The equipment used in the outlying areas of your network represent the weak link for hackers, the low-hanging fruit, increasing the overall security risk for the organization and its B2B/B2C partners. Common risks include spying, infection of connected devices, and the ransoming of the wider network ecosystem. Compromised endpoint network equipment such as computers and routers can set the stage for sophisticated botnet attacks and the spread to other systems, networks and servers, including those of partners.

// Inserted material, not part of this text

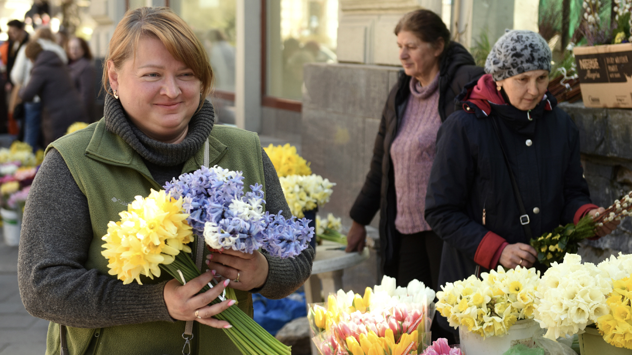 رغم الحزن هناك فسحة فرح، إذ تألقت شوارع كييف بالباقات الملونة، وازدحمت محلات الورود بالزبائن الذين يرغبون بإهداء باقة منسقة للجنس الناعم في هذا اليوم احتفاء باليوم العالمي للمرأة رغم الحرب الروسية المستمرة.

Are you going to regularly mobilize truckloads out to every possible remote router site to try to secure these new connections? More sophisticated security equipment requires technical expertise, something most home office workers and many branch offices lack. Constant truck-hauls to every distributed site add up from an overall cost standpoint. Bolting on security through software patches can be a struggle, especially when managing updates and renewals across several security vendors and your busy workforce.

In response to these security and cost challenges, best practices for protecting remote equipment endpoints include:

  • Frequent, automatic software updates that don’t harass business-focused, non-technical home officer workers. Leverage security-as-a-service (SECaaS) to rapidly orchestrate and automate advanced security and smart cyber risk management.
  • Virtual firewall as a service (FWaaS) that blocks unwanted traffic from your defined and controllable network endpoints, including wandering user devices.
  • A VPN, or similar secure tunnel, that segments ISP traffic from private network traffic. This VPN capability should be “always on,” noninvasively coating the attack surface and protecting company used-devices from breach and deeper infection.
  • Multifactor authentication (MFA), which helps to ensure the person or system trying to access a device, network or system is the same person or device authorized for access. MFA includes passwords, security tokens, and, in some cases, biometric identification.
  • Cloaking of a device’s and network’s unique identifiers or presence, making it difficult for other people and devices in range to detect.
  • Encryption and private circuit use to mitigate outsiders from viewing, stealing or ransoming sensitive data.
  • Device hardening, so the endpoint can block legacy or unnecessary ports and services that act as doors for easy infiltration.
  • DNS filtering. These are the oft-color-coded listings and commands, which involve preconfiguring devices with software agents to prevent infection from dangerous sites and other network entities.
  • Avoidance of direct peer-to-peer computing or peer-to-private-server communication approaches. Remote Desktop Protocol and similar P2P network services are an easy gameboard for hackers. RDP sessions store credentials which can be stolen and wielded in “pass the hash” attacks. If you use P2P apps, it’s critical to orchestrate advanced, layered security mechanisms, including identity access control, encryption, and zero trust architecture.
  • Seamless support of the latest Wi-Fi authentication and encryption standards, which can help to protect on-device data and access points.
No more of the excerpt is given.